◆ Work instruction ◆
Only the lines below from the one that contains "Vitrine voltada para" through the one that contains "아직까지 수정 파일도" should appear in your answer, exact and without pictures.

◆ Record excerpts ◆
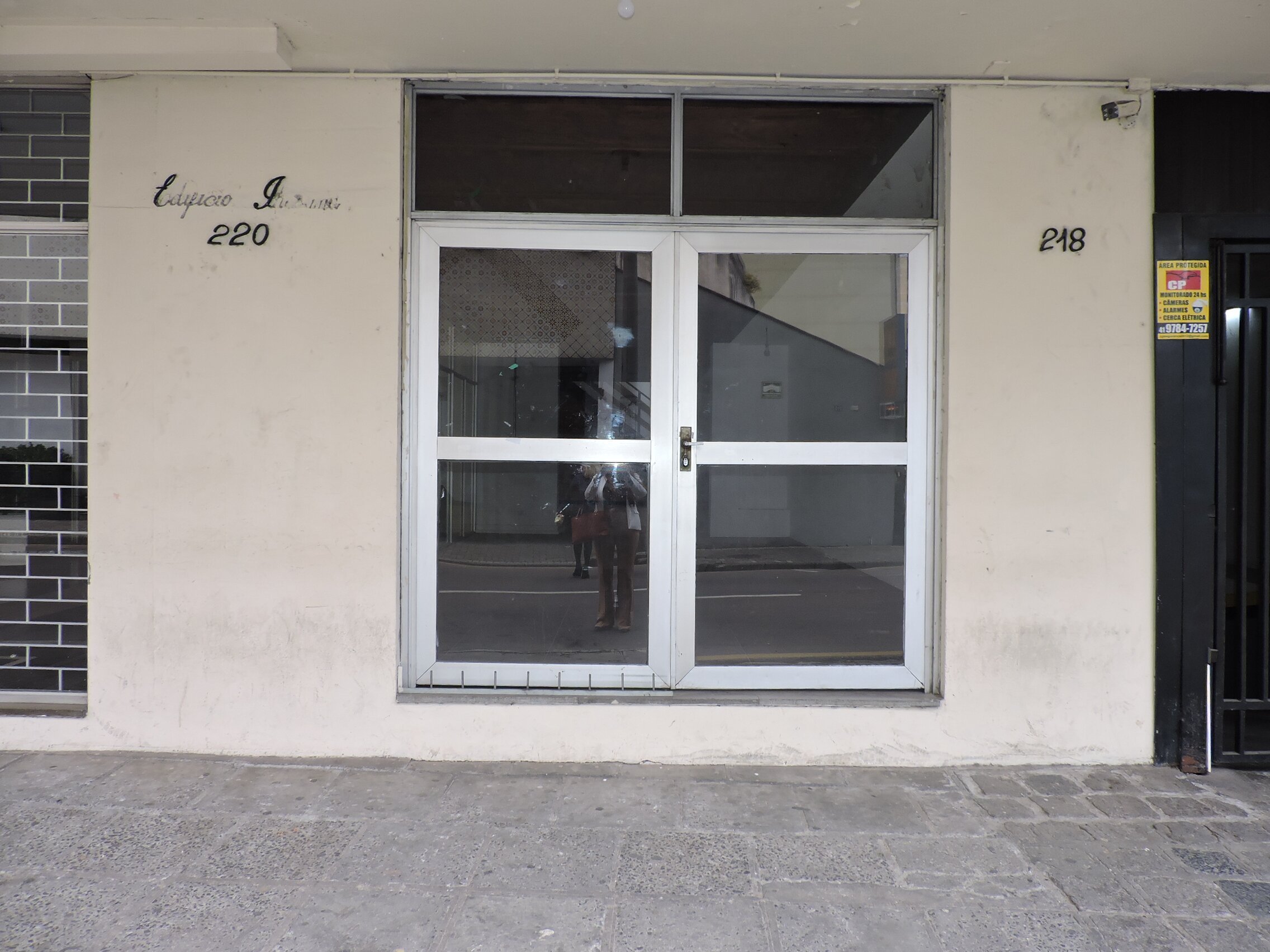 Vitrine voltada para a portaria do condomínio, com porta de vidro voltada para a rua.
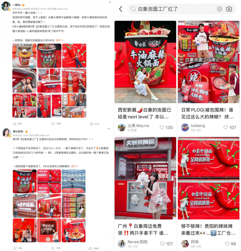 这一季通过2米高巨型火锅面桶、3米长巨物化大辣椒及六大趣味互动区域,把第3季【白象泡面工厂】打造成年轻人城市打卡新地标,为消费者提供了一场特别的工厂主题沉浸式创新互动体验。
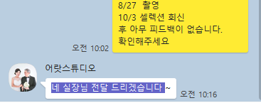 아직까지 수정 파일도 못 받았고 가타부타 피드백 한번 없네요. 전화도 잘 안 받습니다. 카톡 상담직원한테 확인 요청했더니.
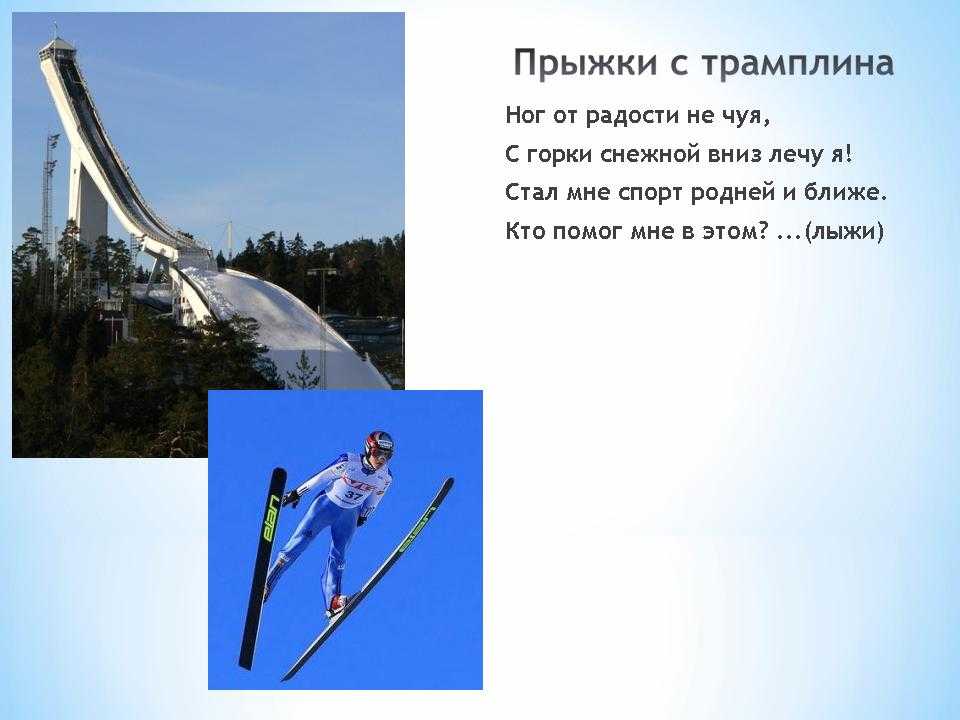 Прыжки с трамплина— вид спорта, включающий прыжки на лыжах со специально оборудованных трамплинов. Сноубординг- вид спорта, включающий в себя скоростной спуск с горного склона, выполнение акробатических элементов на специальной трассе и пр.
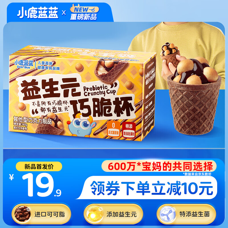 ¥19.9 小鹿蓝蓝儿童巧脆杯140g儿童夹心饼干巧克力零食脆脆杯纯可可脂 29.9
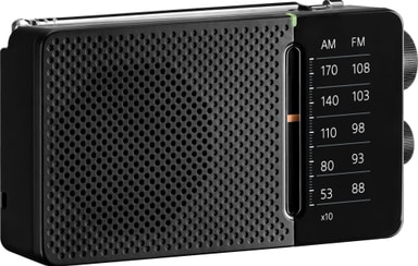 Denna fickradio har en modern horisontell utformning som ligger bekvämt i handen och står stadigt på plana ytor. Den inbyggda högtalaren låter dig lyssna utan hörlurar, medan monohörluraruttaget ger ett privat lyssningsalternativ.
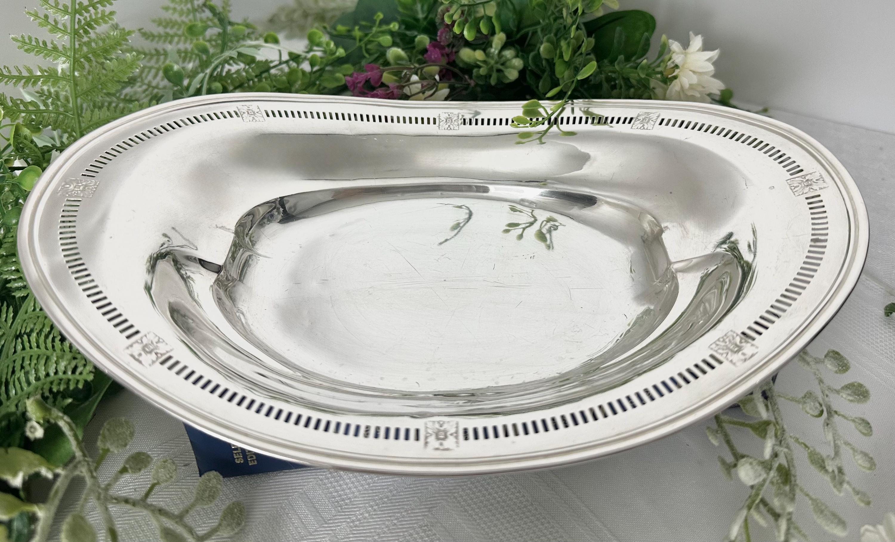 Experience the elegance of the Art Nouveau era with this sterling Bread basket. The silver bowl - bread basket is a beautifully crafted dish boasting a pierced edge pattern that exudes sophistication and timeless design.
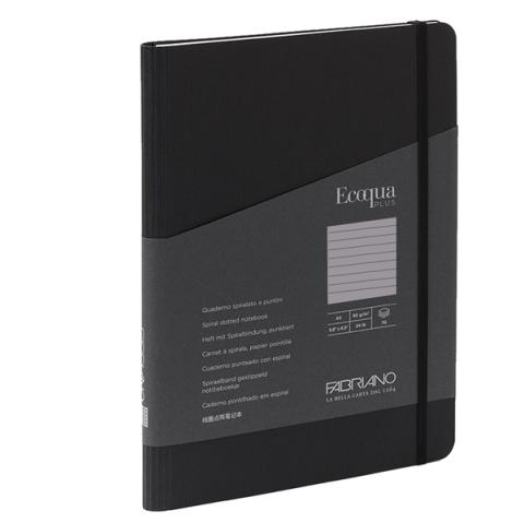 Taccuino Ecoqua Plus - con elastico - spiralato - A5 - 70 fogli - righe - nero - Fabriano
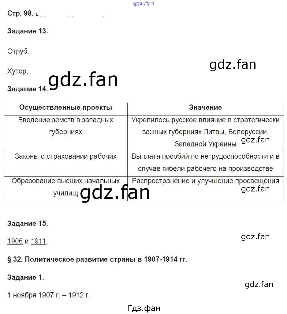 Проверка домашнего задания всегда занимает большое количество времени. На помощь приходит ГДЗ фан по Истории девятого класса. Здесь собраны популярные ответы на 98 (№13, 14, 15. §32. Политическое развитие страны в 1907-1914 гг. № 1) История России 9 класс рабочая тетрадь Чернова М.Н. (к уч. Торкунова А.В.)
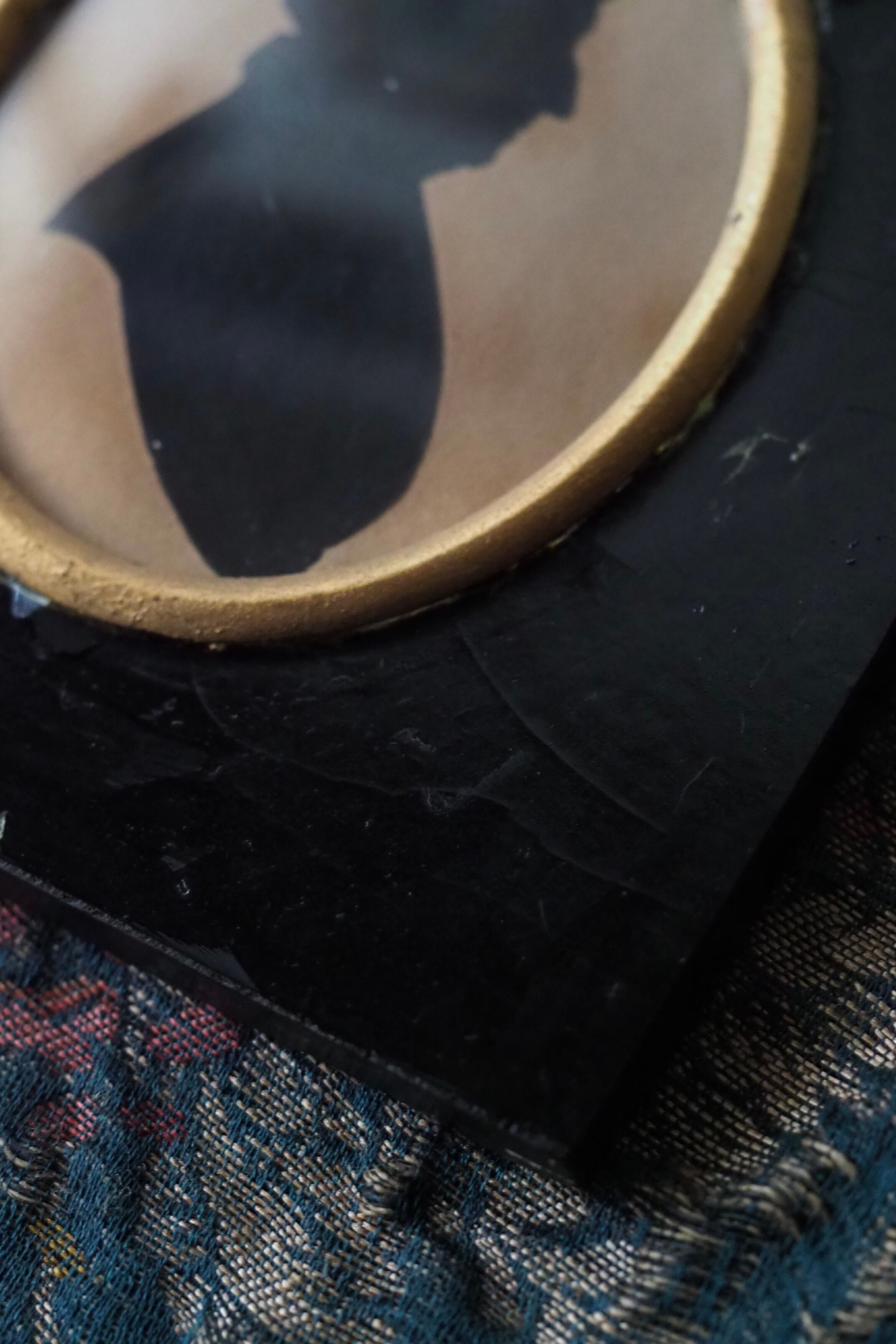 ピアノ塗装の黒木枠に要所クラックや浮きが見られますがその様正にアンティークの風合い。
---
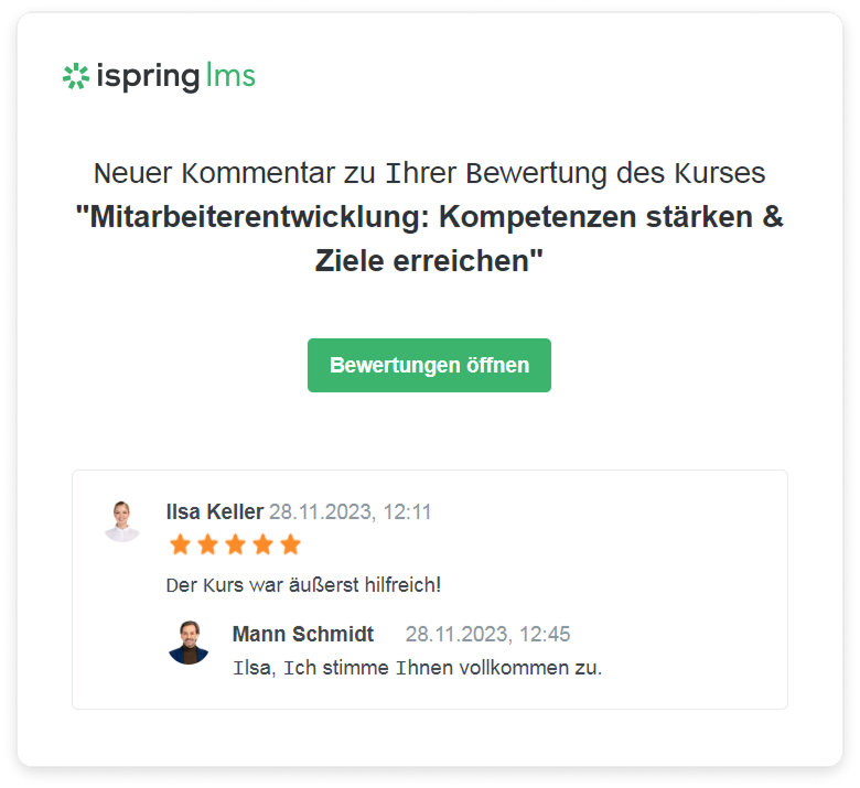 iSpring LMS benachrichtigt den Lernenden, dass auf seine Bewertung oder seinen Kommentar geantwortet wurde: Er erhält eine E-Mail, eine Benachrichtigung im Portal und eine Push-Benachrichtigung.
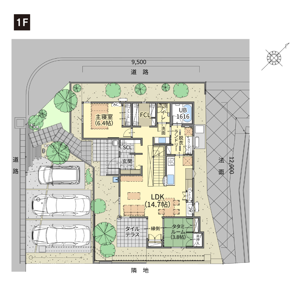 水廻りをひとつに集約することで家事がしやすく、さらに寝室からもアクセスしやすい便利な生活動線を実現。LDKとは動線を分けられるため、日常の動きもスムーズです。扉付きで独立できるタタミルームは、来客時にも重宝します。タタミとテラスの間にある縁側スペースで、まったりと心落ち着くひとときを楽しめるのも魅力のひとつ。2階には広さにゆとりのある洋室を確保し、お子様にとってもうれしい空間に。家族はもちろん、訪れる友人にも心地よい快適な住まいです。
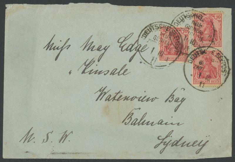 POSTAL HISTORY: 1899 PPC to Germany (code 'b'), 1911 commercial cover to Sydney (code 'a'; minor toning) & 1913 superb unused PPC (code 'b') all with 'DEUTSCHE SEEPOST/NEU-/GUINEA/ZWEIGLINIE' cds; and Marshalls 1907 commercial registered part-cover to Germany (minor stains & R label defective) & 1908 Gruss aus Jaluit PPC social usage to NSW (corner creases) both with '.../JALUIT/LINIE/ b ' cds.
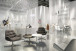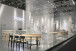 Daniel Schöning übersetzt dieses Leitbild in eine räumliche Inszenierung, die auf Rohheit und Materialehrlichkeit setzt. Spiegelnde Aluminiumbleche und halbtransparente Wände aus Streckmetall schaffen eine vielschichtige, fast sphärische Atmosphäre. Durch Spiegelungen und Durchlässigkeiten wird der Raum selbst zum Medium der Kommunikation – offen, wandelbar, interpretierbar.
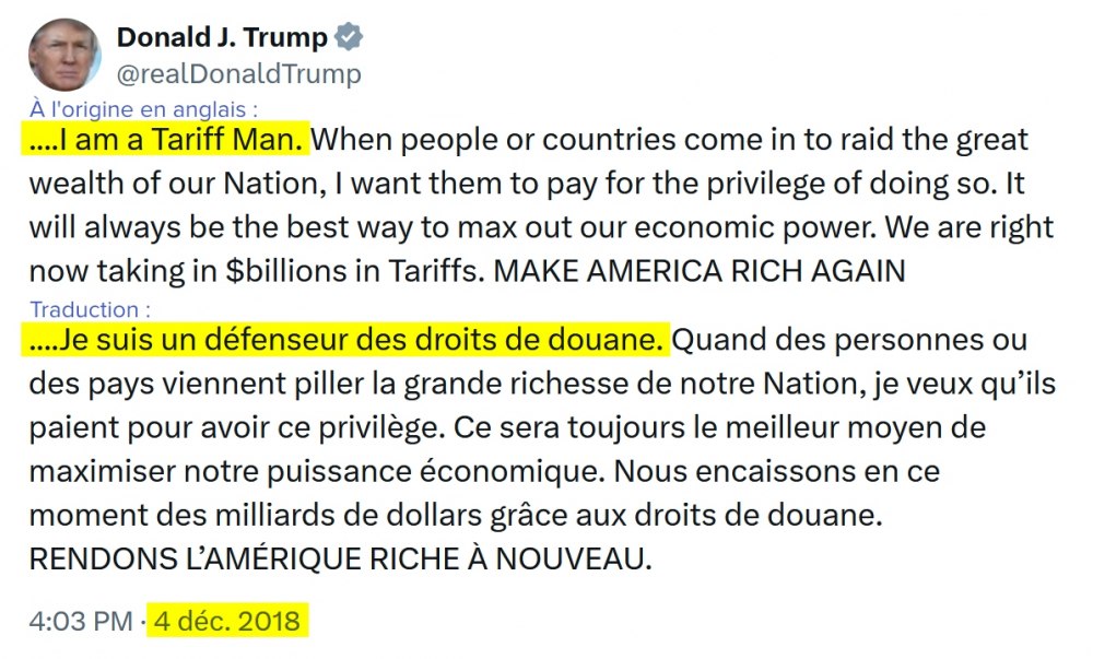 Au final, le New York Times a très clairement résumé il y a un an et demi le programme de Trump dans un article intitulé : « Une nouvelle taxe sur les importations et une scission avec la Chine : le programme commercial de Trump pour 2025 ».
...
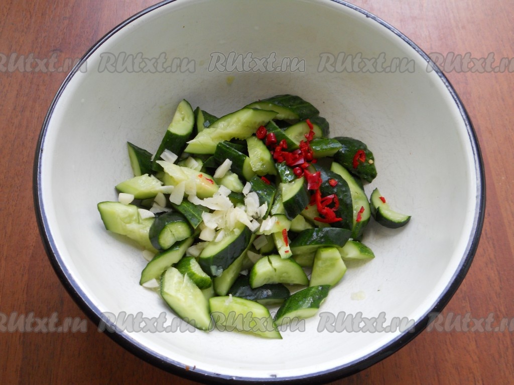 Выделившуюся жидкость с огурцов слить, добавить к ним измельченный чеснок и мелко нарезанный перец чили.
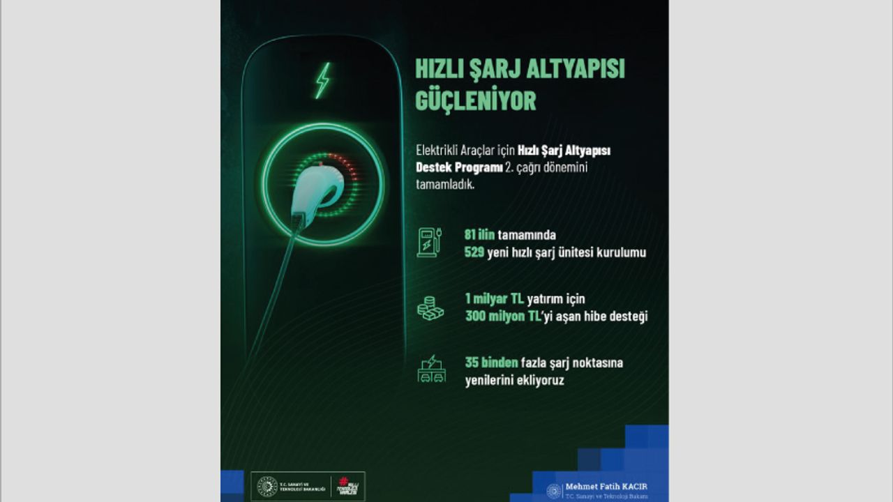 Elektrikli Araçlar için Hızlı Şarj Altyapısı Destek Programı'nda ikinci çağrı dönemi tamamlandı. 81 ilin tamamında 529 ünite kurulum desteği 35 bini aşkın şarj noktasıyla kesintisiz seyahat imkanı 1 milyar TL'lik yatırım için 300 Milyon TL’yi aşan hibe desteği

◆ Exercise output ◆
 Vitrine voltada para a portaria do condomínio, com porta de vidro voltada para a rua.
 这一季通过2米高巨型火锅面桶、3米长巨物化大辣椒及六大趣味互动区域,把第3季【白象泡面工厂】打造成年轻人城市打卡新地标,为消费者提供了一场特别的工厂主题沉浸式创新互动体验。
 아직까지 수정 파일도 못 받았고 가타부타 피드백 한번 없네요. 전화도 잘 안 받습니다. 카톡 상담직원한테 확인 요청했더니.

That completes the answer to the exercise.